To add indentation, you'd use something like:

wrap(in, 60, std::cout, 5);

Given that you're doing I/O, it probably doesn't matter much in this case, but if you were doing this under other circumstances, you might want to consider a different algorithm. Rather than copy one word at a time until you exceed the specified width, you can go directly to the maximum line width in the input, and walk backwards through the input string from there until you find whitespace. At least given typical word lengths, you'll only walk back somewhere around 3 characters on average, rather than walking forward through an average of (say) 60 characters. This would be particularly relevant using something like C strings, where you were storing a pointer to the beginning of each line, without copying the content.

Answer 4

Here is a regex-based approach. Different from the approaches in other answers, it also handles newlines in the input string gracefully.

#include <regex>
#include <iostream>
#include <string>

int main() {
  auto test = std::string{"Shankle drumstick corned beef, chuck turkey chicken pork chop venison beef strip steak cow sausage. Tail short loin shoulder ball tip, jowl drumstick rump. Tail tongue ball tip meatloaf, bresaola short loin tri-tip fatback pork loin sirloin shank flank biltong. Venison short loin andouille."};

  // Consume 60 characters that are followed by a space or the end of the input string
  auto line_wrap = std::regex{"(.{1,60})(?: +|$)"};

  // Replace the space or the end of the input string with a new line
  test = regex_replace(test, line_wrap, "$1\n");

  // Trim the new line added for the end of the input string
  test.resize(test.size() - 1);

  std::cout << test << std::endl;
}

Answer 5

Ya，将其加载到一个字符数组中，然后使用strtok将其分解为单词，使用空格作为单词分隔符。

Answer 6

take a function for your work like:

void put_multiline(const char *s,int width)
{
  int n,i=0;
  char t[100];
  while( 1==sscanf(s,"%99s%n",t,&n) )
  {
    if( i+strlen(t)>width ) puts(""),i=0;
    printf("%s%s",i?++i," ":"",t);i+=strlen(t);
    s+=n;
  }
}

strtok will destroy your string, this solution not.

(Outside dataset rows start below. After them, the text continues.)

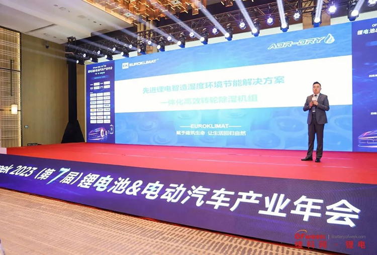 本次年會,EK IECD工業環(huán)境控製事業部總監王(wáng)健以《先進鋰電智造濕度環境節能解決方案》為主題發(fā)表演講,和大家詳細介紹了EK一體化高效轉輪除(chú)濕機 X2.0、EK雲智慧高效集成冷站等節能方案。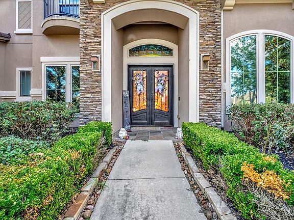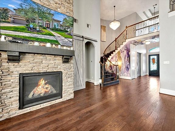 Welcome to this stunning 5-bedroom,5 1/2 bathroom custom Partners in Building home in highly desirable West Ranch community of Friendswood. This residence offers elegance and functionality with soaring ceilings. an open-concept layout blending the kitchen and living space in harmony with beautiful cabinetry and a huge center piece island for family gathering. The home offers multiple living spaces including the main living space with a 23' floor to ceiling rock fireplace with large windows to view the large 48 foot long pool.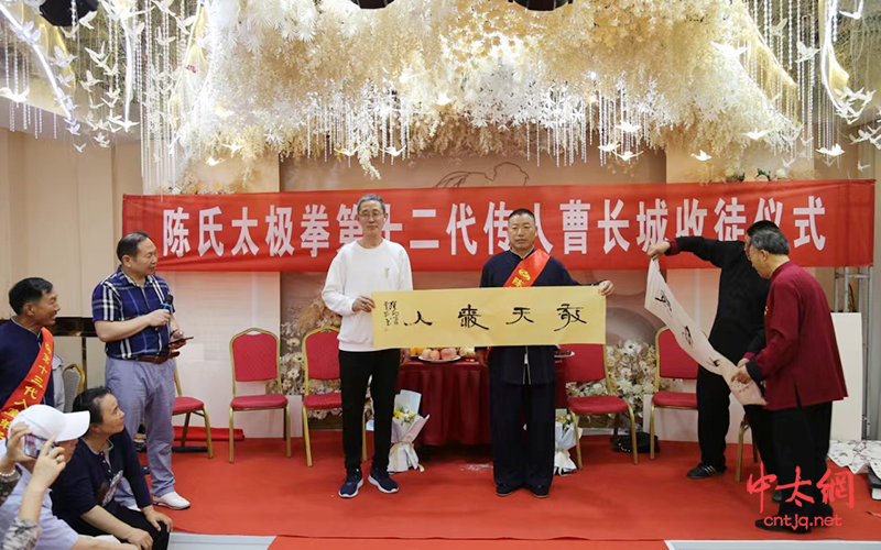 王志超、王余同在叩拜太极宗祖后分别宣读拜师誓词,并一一叩拜师父曹长城先生、递拜师帖、换回徒帖。二徒分別向师父、母(张月春、农艺师退休)三叩首,敬改口茶,“师父、师母请用茶,祝师父健康快乐!祝师母永远年轻"。师父、母回赠徒儿弟子服、弟子劍、太极密籍(陈鑫太极图说)、笔记本和红包,为徒儿披挂"陈氏太极拳第十三代传人绶带。曹长城的双胞胎外孙魏麒书、魏麒修上台献花贺喜,连云港市艺术学校国画、书法教授、海州画院院长掌斌先生现场作画题字,恭贺师徒结缘。見证人何云生(中共灌云县委宣传部副部长(正科)、王建翔(曹长城启蒙老师、市太协副主席兼陈照森太极拳专委会顾问、灌云县云翔太极拳推广中心主任)在拜师帖上签名。二徒向来宾三鞠躬。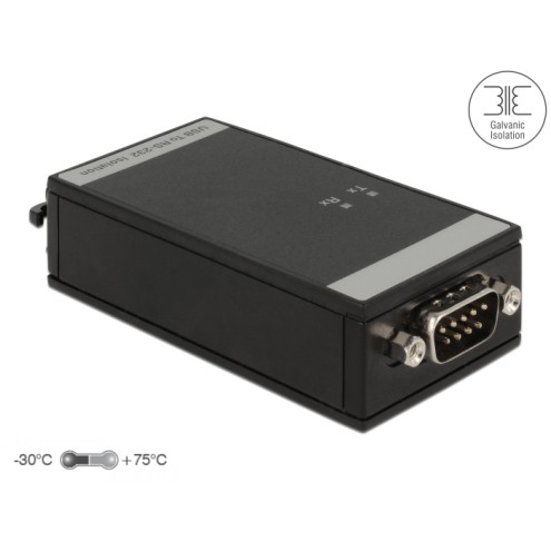This USB 2.0 to serial RS-232 converter by Delock offers an RS-232 connection for measuring devices, POS systems, printers, modems, IoT devices etc. The galvanic isolation prevents data transmission errors with uneven earthing potentials, ground loops or voltage spikes. The converter is suitable for DIN rail mounting.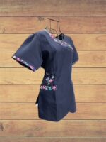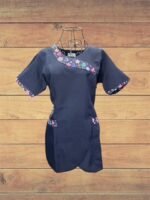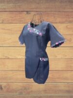 Delantal azul marino con aplicaciones primaverales, cierre medio en espalda, tela bistrech.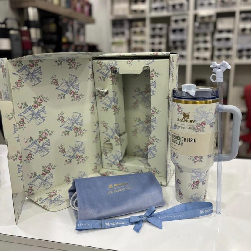 Stanley H2O termos bardak, pastel beyaz renk ve çiçek desenine sahip. Sıcak veya soğuk içecekleri uzun süre muhafaza eder.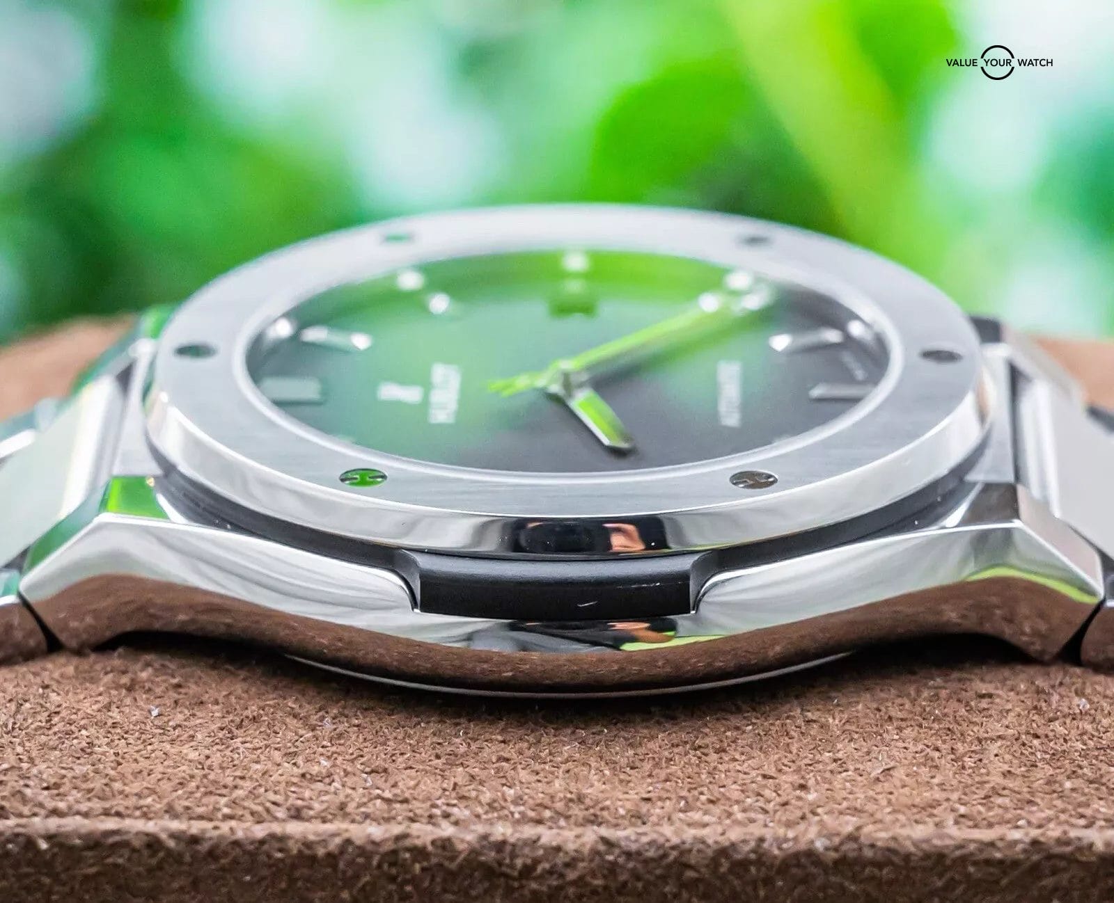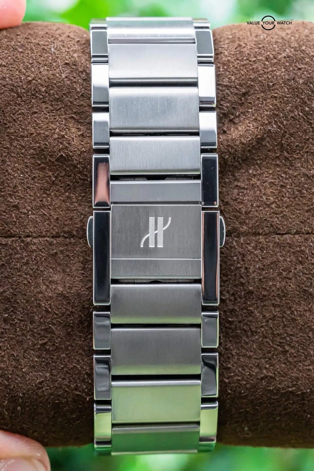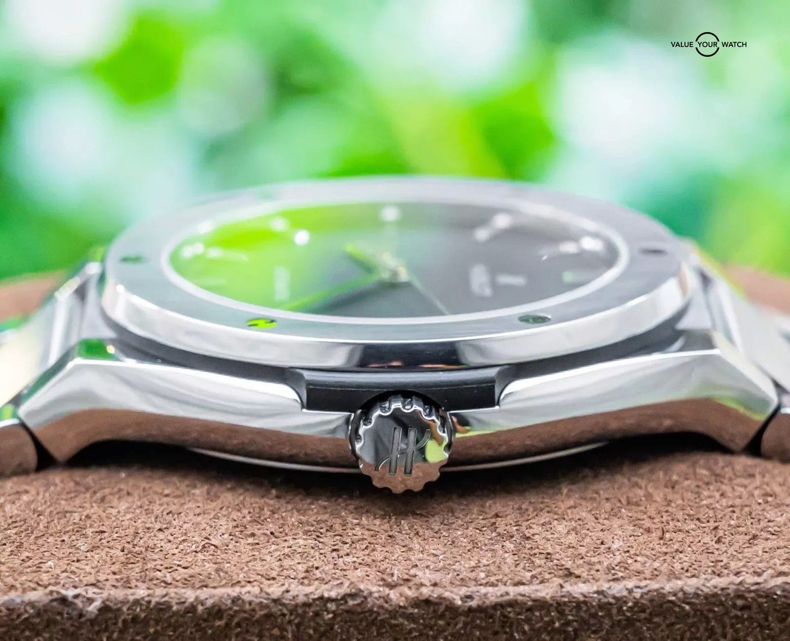 STUNNING Hublot Classic Fusion 45 mm Titanium with Black Dial on Rare Integrated Titanium Bracelet! Arrives with original Hublot boxes and papers including the NFC style warranty card. Do not confuse this NFC style card for the older write-in style cards, the NFC card is unreplicatable as it’s embossed with the serial from the factory, a huge value-add. Originally purchased from Hublot Authorized Dealer in March 2022. Have peace of mind, it is WARRANTIED through Hublot until September 2024! Striking piece and a significant bang for your buck, the watch’s mix of brushed and polished titanium finishes make the watch look phenomenal and comparable to $20K watches in my opinion. Ready to be on wrist!

This function will also work on all whitespaces not only space/tab.

Answer 7

Here's my approach, it's certainly not the fastest but I tried to make it as readable as possible. The result is the same as your example.

#include <iostream>
#include <string>


std::string splitInLines(std::string source, std::size_t width, std::string whitespace = " \t\r")
{
    std::size_t  currIndex = width - 1;
    std::size_t  sizeToElim;
    while ( currIndex < source.length() )
    {
        currIndex = source.find_last_of(whitespace,currIndex + 1); 
        if (currIndex == std::string::npos)
            break;
        currIndex = source.find_last_not_of(whitespace,currIndex);
        if (currIndex == std::string::npos)
            break;
        sizeToElim = source.find_first_not_of(whitespace,currIndex + 1) - currIndex - 1;
        source.replace( currIndex + 1, sizeToElim , "\n");
        currIndex += (width + 1); //due to the recently inserted "\n"
    }
    return source;
}

int main() {
    std::string source = "Shankle drumstick corned beef, chuck turkey chicken pork chop venison beef strip steak cow sausage. Tail short loin shoulder ball tip, jowl drumstick rump. Tail tongue ball tip meatloaf, bresaola short loin tri-tip fatback pork loin sirloin shank flank biltong. Venison short loin andouille.";
    std::string result = splitInLines(source , 60);
    std::cout << result;
    return 0;
}

Answer 8

You could probably use regex substitution: replace /(.*){,60}? +/ /(.*){,60}? +/ with $1\\n , advance the string pointer and repeat (note: the ? is supposed to mean non-greedy matching).

If properly implemented, the conversion could be even made in-place.